Витамоо смущенно прикрыла рот рукой.
— Прости, — пристыжено пробормотала она. — Я неправильно тебя поняла.
Воцарилось неловкое молчание, первым его нарушил Филип:
— Но раз уж ты заговорила о нас…
— Нет никаких «нас»! И быть не может! — Витамоо сделала шаг назад.
Признавая свое поражение, Филип поднял руки.

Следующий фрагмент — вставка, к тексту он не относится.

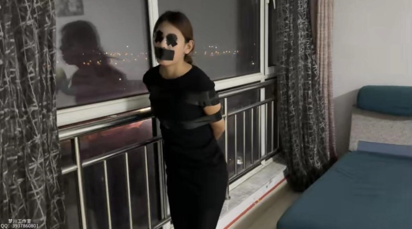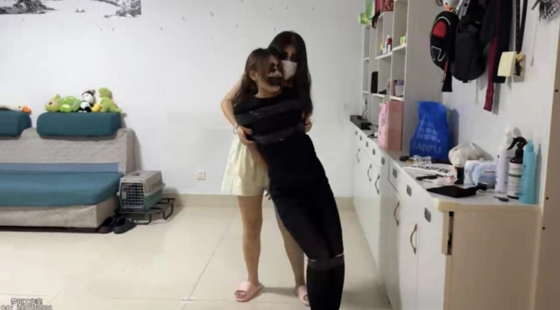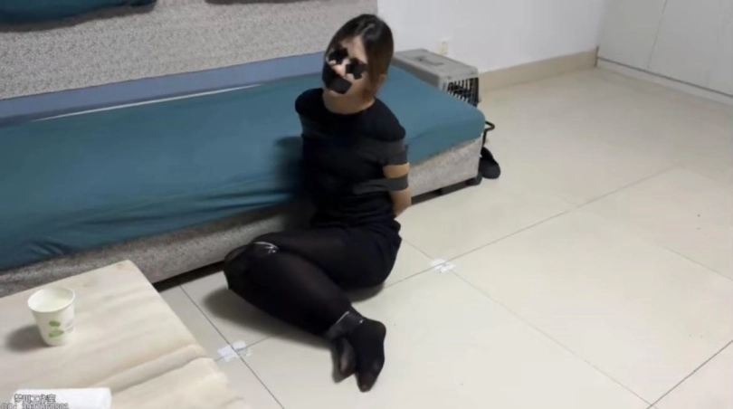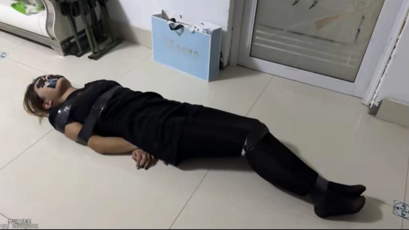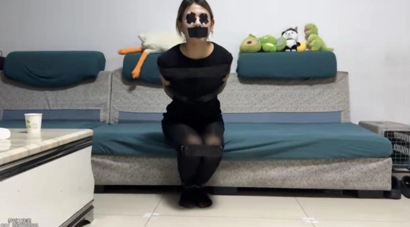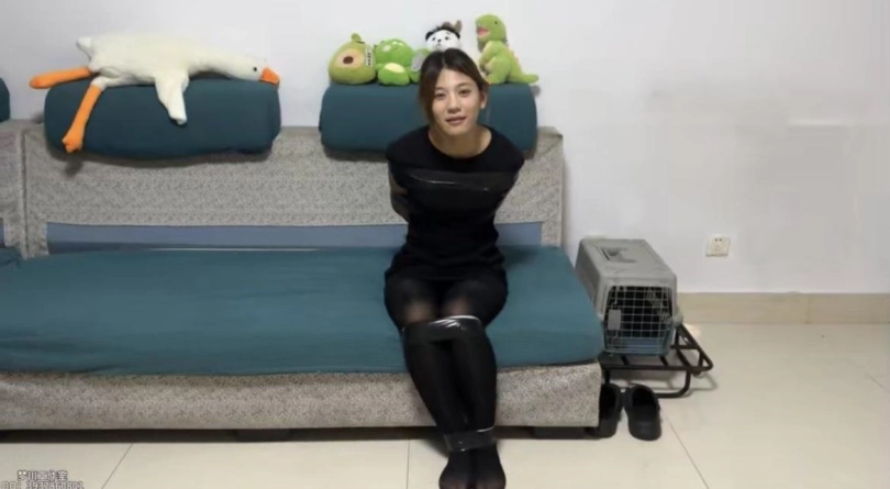 身着黑色连衣裙和厚黑丝的灵儿需要接受一个挑战:首先需要自己把钥匙放到屋里的任意一个位置上,然后灵儿会被黑色胶带蒙眼、封嘴、捆绑。捆绑结束后需要先解脱束缚,并在看不到的情况下寻找自己放置的那个钥匙,找到钥匙即为挑战成功。

— Когда ты уезжаешь? — тут же смягчилась Витамоо.
— Скоро зима… Я бы уехал прямо сейчас, но Нанауветеа ослабел, и работа над букварем пошла медленнее. Вампас делает большие успехи, однако в нынешнем году он уже не успеет подготовиться к вступительным экзаменам. Пока не знаю. Посмотрим, как пойдут дела.
Витамоо кивнула.
— Я так рада за Вампаса, — сказала она и красивым жестом отвела прядь волос, упавшую ей на глаза. — Филип, а ведь я так и не поблагодарила тебя за то, что ты занимаешься с ним.
Она засмеялась.
— Ты поступил благородно — учитывая то, что он стянул твою одежду и заставил тебя идти нагишом по резервации!
Филип тоже засмеялся.
— Не напоминай!
— После вашего отъезда в резервации будет скучно.
— Витамоо, я постоянно думаю об этом… Я должен уехать, у меня нет выбора, но я обязательно вернусь.
То, как девушка отреагировала на его слова, Филипа совершенно обескуражило. Он ожидал чего угодно, но только не этого.
— Не пори чушь! — воскликнула она с чувством. Печаль в ее глазах мгновенно сменил гнев.
— Да пойми же ты — я тебя не обманываю!
— Я тебе не верю. Ради чего тебе возвращаться? Нанауветеа уже не будет в живых. Вампас тоже уедет.
Для наглядности она сорвала сухой кукурузный стебель и потрясла им пред носом Филипа.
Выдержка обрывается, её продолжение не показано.